Your task:
Leave the pictures out, and transcribe the material below exactly from the line with "このクリーチャーをバトルゾー" to the line with "So you can see", both lines included.

Dataset entries:

━━━━━━

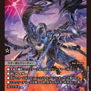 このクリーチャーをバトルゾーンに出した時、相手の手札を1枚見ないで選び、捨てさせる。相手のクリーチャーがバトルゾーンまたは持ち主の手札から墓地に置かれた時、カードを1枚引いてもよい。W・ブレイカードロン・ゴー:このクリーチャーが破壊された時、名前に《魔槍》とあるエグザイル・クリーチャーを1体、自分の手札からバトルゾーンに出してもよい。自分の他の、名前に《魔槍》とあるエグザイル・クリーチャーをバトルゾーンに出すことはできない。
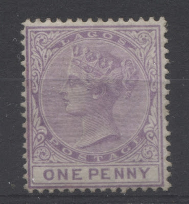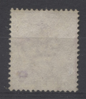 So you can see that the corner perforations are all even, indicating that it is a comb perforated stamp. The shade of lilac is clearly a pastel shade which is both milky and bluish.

━━━━━━

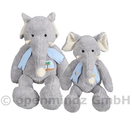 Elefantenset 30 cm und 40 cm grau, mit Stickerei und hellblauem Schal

━━━━━━

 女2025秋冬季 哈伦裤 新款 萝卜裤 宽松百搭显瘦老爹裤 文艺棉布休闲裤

━━━━━━

Your solution:
 このクリーチャーをバトルゾーンに出した時、相手の手札を1枚見ないで選び、捨てさせる。相手のクリーチャーがバトルゾーンまたは持ち主の手札から墓地に置かれた時、カードを1枚引いてもよい。W・ブレイカードロン・ゴー:このクリーチャーが破壊された時、名前に《魔槍》とあるエグザイル・クリーチャーを1体、自分の手札からバトルゾーンに出してもよい。自分の他の、名前に《魔槍》とあるエグザイル・クリーチャーをバトルゾーンに出すことはできない。
 So you can see that the corner perforations are all even, indicating that it is a comb perforated stamp. The shade of lilac is clearly a pastel shade which is both milky and bluish.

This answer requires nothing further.